• The records:
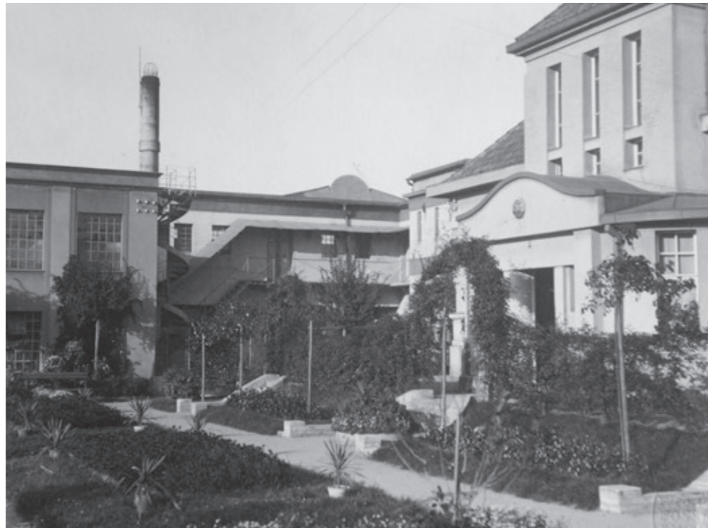
Vila se zahradou a továrnou

Peřím se pyšní nejen tisíce druhů ptáků v barvách od bílé do neuvěřitelného množství dalších barevných kombinací, ale ptačí peří se stalo také jednou z neoblíbenějších dekorací. Peří si oblíbili dekoratéri, módní i bižuterní návrháři. Péřové čelenky, péřová boa, vějíře, jsou neodmyslitelnou součástí tematických kostýmů. Od dávnověku je peří také součástí ozdoby vojenských uniforem. Nejznámější jsou péra pštrosí nebo paví, bez sojčího pera se zase neobejde žádný myslivecký klobouk. Všichni dobře známe lůžkové peří z prošívaných dek nebo peřin. Ve stanu nebo chatce během pobytu v přírodě je nejtepleji v péřovém spacáku a při pobytu venku v mrazivých dnech zase v prošívané péřové bundě. Aby se ale mohlo peří používat k účelům výše popsaným, je třeba jej příslušně upravit. Jednu takovou továrnu na zpracování peří provozovali v Kunraticích
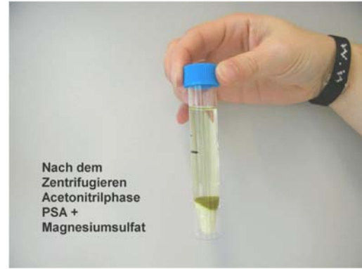
Εικόνα 14. Καθαρισμός του εκχυλίσματος
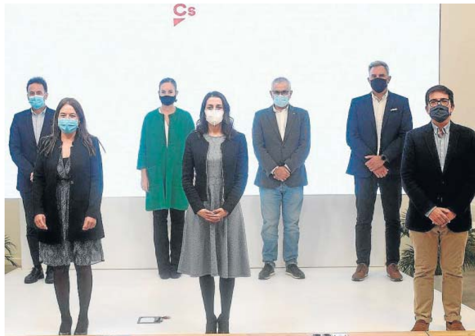
La dirección de Ciudadanos, antes de la reunión urgente del comité permanente.
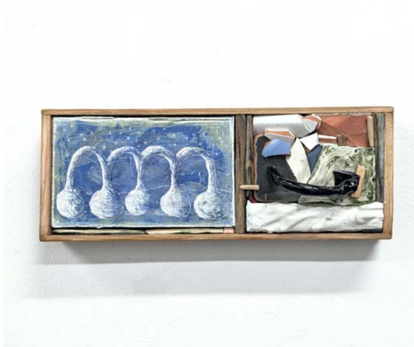
Gestalt 1, 2024 fusain, feutre, acrylique, pigment, plâtre, écorces d'orange, clous, résine, bois, toile 22x35cm
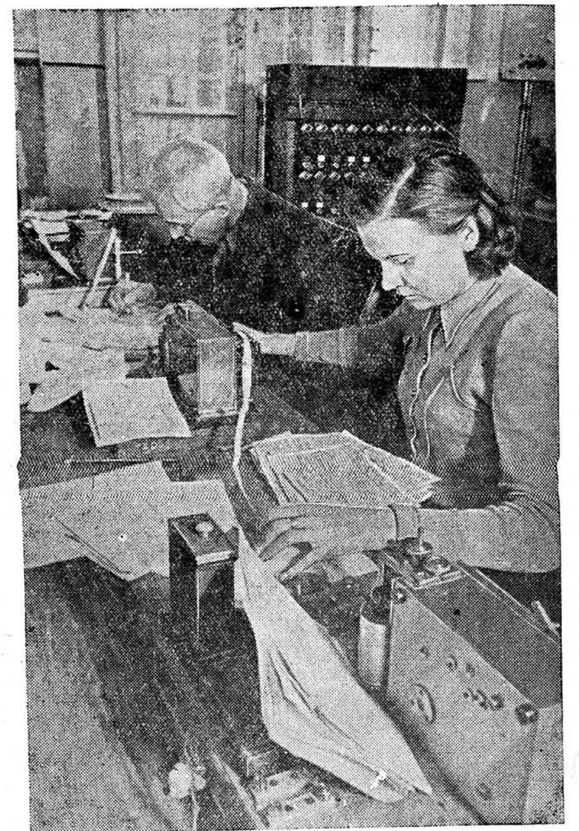
На снимке: прием телеграмм на центральном телеграфе г. Белостока.

• Assigned task: Write out the records above in full and exactly, with no pictures.

• Exercise answer:
Vila se zahradou a továrnou

Peřím se pyšní nejen tisíce druhů ptáků v barvách od bílé do neuvěřitelného množství dalších barevných kombinací, ale ptačí peří se stalo také jednou z neoblíbenějších dekorací. Peří si oblíbili dekoratéri, módní i bižuterní návrháři. Péřové čelenky, péřová boa, vějíře, jsou neodmyslitelnou součástí tematických kostýmů. Od dávnověku je peří také součástí ozdoby vojenských uniforem. Nejznámější jsou péra pštrosí nebo paví, bez sojčího pera se zase neobejde žádný myslivecký klobouk. Všichni dobře známe lůžkové peří z prošívaných dek nebo peřin. Ve stanu nebo chatce během pobytu v přírodě je nejtepleji v péřovém spacáku a při pobytu venku v mrazivých dnech zase v prošívané péřové bundě. Aby se ale mohlo peří používat k účelům výše popsaným, je třeba jej příslušně upravit. Jednu takovou továrnu na zpracování peří provozovali v Kunraticích
Εικόνα 14. Καθαρισμός του εκχυλίσματος
La dirección de Ciudadanos, antes de la reunión urgente del comité permanente.
Gestalt 1, 2024 fusain, feutre, acrylique, pigment, plâtre, écorces d'orange, clous, résine, bois, toile 22x35cm
На снимке: прием телеграмм на центральном телеграфе г. Белостока.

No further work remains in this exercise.